Charly's blog

De Rita: non fate figli perché siete egoisti e usate Facebook!

Ieri, nella mia solita via crucis informativa mi sono imbattuto in questa fine analisi socio-demografica [1]:

Analisi secca, senza sfumature: «Per  riempire le culle non bastano bonus o asili nido gratis. Bisogna lavorare sul tessuto sociale e ricostruire un’idea di comunità». Il sociologo Giuseppe De Rita, fondatore del Censis ed ex presidente del Cnel, attribuisce il crollo delle nascite a «una dinamica culturale malata».

Che poi è quella che io chiamo la “culturalizzazione” dei problemi, il ridurre il tutto a cause di natura culturale. Se solo fosse così semplice…

 

—- Il De Rita pensiero —-

Devo ammettere che è difficile leggere tante perle in un’intervista, livello raggiungibile forse solo in qualche intervento del teologo di turno. Ma partiamo dall’idea che la denatalità diminuisca «la ricchezza sociale attraverso effetti negativi sulla mobilità economica e sulla psicologia collettiva. Le culle sempre più vuote sono il risultato di un Paese impaurito,ripiegato sul presente, incapace di pensare al futuro».
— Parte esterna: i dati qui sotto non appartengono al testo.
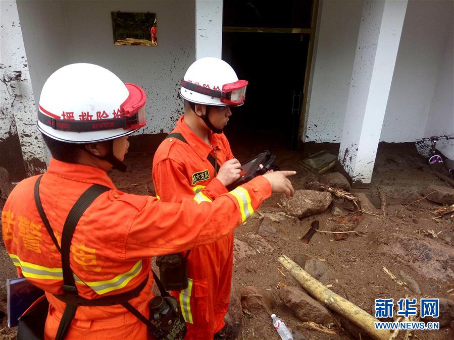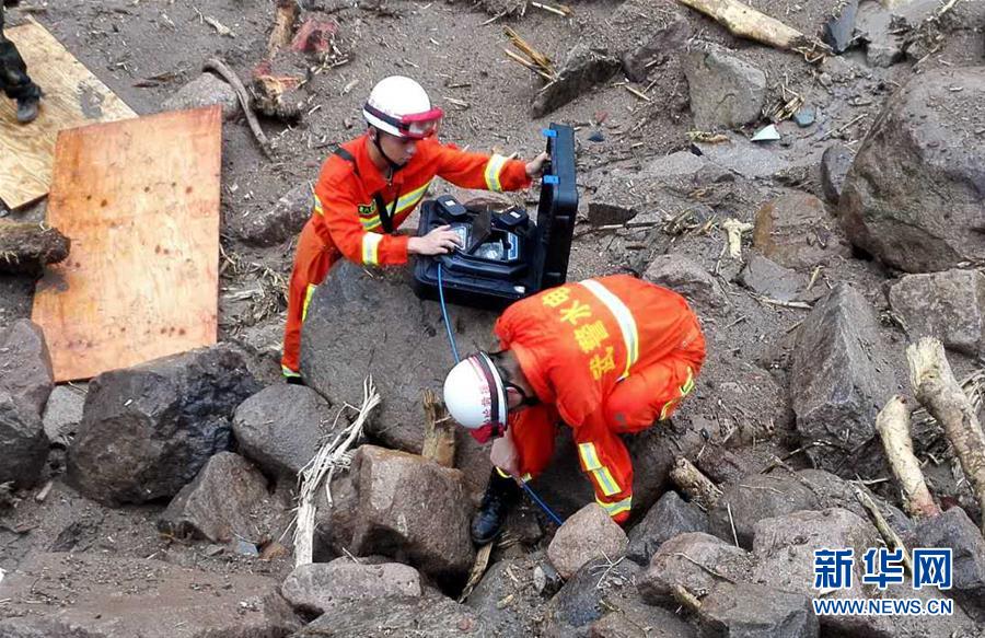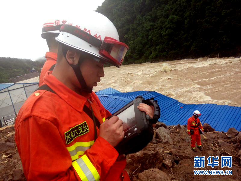 5月8日,在福建泰寧山體滑坡救援現(xiàn)場,武警水電二總隊六支隊官兵利用“雷達(dá)生命探測儀”對任務(wù)區(qū)進(jìn)行搜救(手機(jī)拍攝)。

E fin qui ci siamo, soprattutto per le dinamiche del Pil e le coperture pensionistiche. I dolori iniziano con le cause del fenomeno:

Problema solo culturale? «Non solo. C’è un narcisismo di massa che fa temere al ceto medio un progressivo impoverimento. Non si è più disposti a fare sacrifici per proiettare in avanti, attraverso i figli, le proprie speranze. Il crollo delle nascite nell’ultimo decennio sarebbe stato ancora più verticale se l’Italia non avesse goduto dell’effetto compensatorio della fecondità delle straniere»

In realtà anche la fecondità delle donne straniere è in calo essendo passata da 2,65 a 1,98 figli per donna nell’arco di un decennio, con un trend decisamente più marcato rispetto a quello delle donne italiane (da 1,34 a 1,24) [2].

Tassi fecondità

Si saranno fatte il profilo Facebook pure loro… o segno che, guarda caso, essendo le pressioni ambientali le stesse sia per le italiane sia per le straniere i comportamenti tendono ad allinearsi. E sì che De Rita, bontà sua, riconosce l’esistenza dei problemi economici: «C’è un quadro di incertezza occupazionale ed economica che contribuisce a una profonda revisione anche dei modelli culturali relativi alla procreazione».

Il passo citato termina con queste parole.